C:\Program Files (x86)\Microsoft Visual Studio\2019\<Flavor>\Common7\IDE\ItemTemplates\CSharp\Code\1033

Custom user templates are to be prepared in specific way as a ZIP file and placed in this path:

%USERPROFILE%\Documents\Visual Studio 2019\Templates\ItemTemplates

Provided templates

Code repository contain few predefined ZIP templates, which you can download and put in custom user template folder (see above). Suggestion is to add these ZIP files into new subfolder, so they are not shuffled into existing item templates:

Template copy location

After you do this way - [Visual Studio restart required] they should appear as available choice for "Add new item...".

Visual Studio New Item

Location of templates - REPO

IQuery templates

There are three IQuery implementation templates provided:

Single record query

To be used when you are interested into getting one particular record from database (like record by ID). After creating file from template - change DbPoco object to actual object with necessary project/namespace references.

Multiple record query

To be used when you are interested into getting multiple records (list of records) from database, based on some filtering through passing filter parameter(s) to class. After creating file from template - change DbPoco object to actual object with necessary project/namespace references.

Add record query

To be used when you are interested into getting all records from concrete database table or view. This class does not expect any parameters, so constructor is omitted. After creating file from template - change DbPoco object to actual object with necessary project/namespace references.

ICommand templates

There are three templates to create boilerplate classes for each of data modification operations:

  • INSERT
  • UPDATE
  • DELETE

POCO class

Template to create database POCO class with Debug Information features added.

XUnit templates

Few templates to create:

  • DatabaseTestsBase class

A class in your test project, which serves as a base class for integration/assembly tests to inherit from. Also adds another class of defining collection attribute for xUnit test collection feature. This template needs to be used only once, as only one base class should exist in test project.
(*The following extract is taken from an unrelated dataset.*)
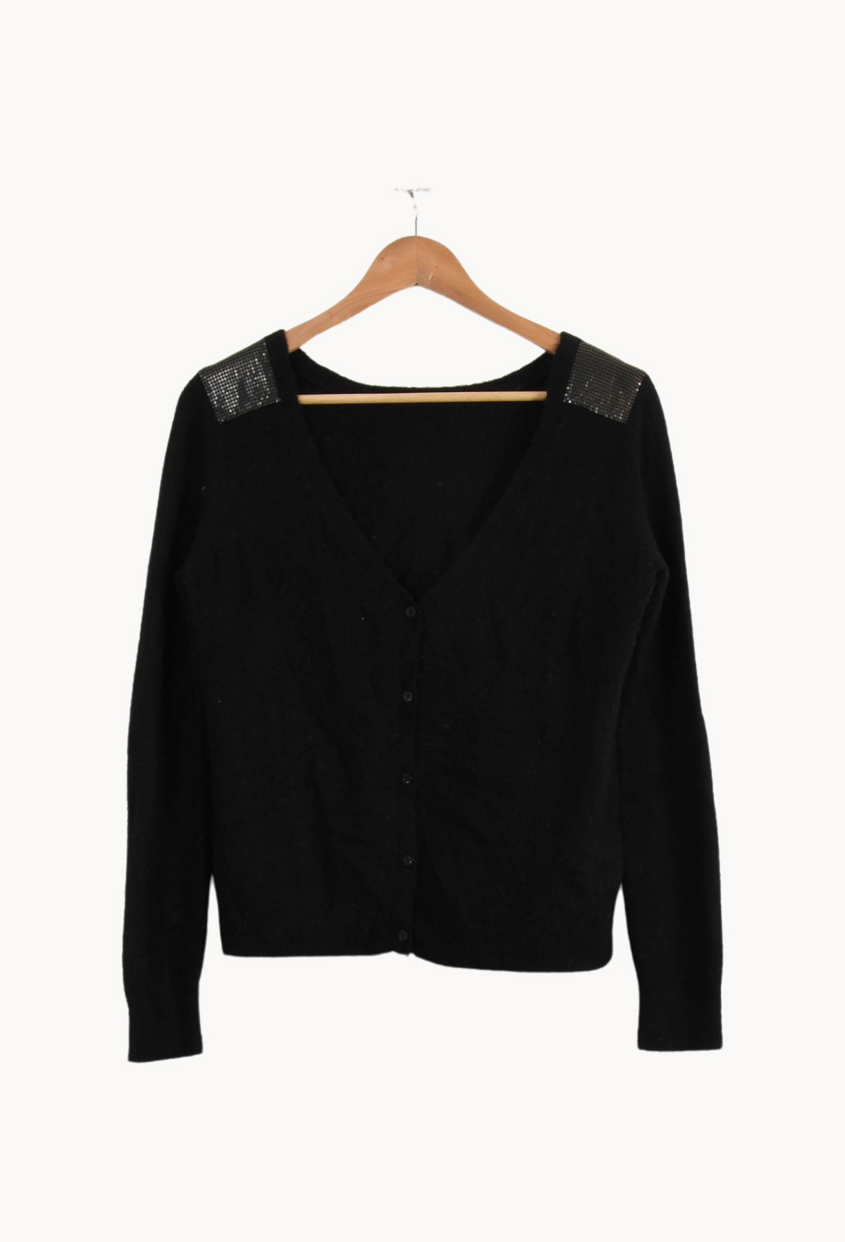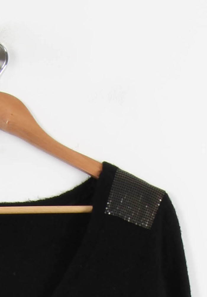 Veste noire IKKS taille M/38, modèle à manches longues avec fermeture par boutons, parfaite pour une allure élégante et contemporaine. Le tissu présente une finition douce et légère, rehaussée par des empiècements brillants aux épaules, signature originale qui confère à la veste un caractère unique et raffiné. Idéale pour sublimer une tenue de bureau ou apporter une touche sophistiquée à un dîner en ville.

  • Query/Command Syntax tests

A two test classes in one file, testing SQL statements syntax in your project. There should be one such class in your test project.

  • Data tests

A test class with two tests - contract/table matching test and simple write/read/compare test. This template can be used multiple times for each of your database/Contract object pairs.

Modifying templates

In case your project needs something specific or you want to add some things in template to be available right away - you can modify these templates locally.

For this just open ZIP file and modify contents of *.CS file there. Then put modified file back to ZIP, restart VS and you will get your modified version.

Code generation

TBD - I am still exploring possibility to generate C# code from database structures.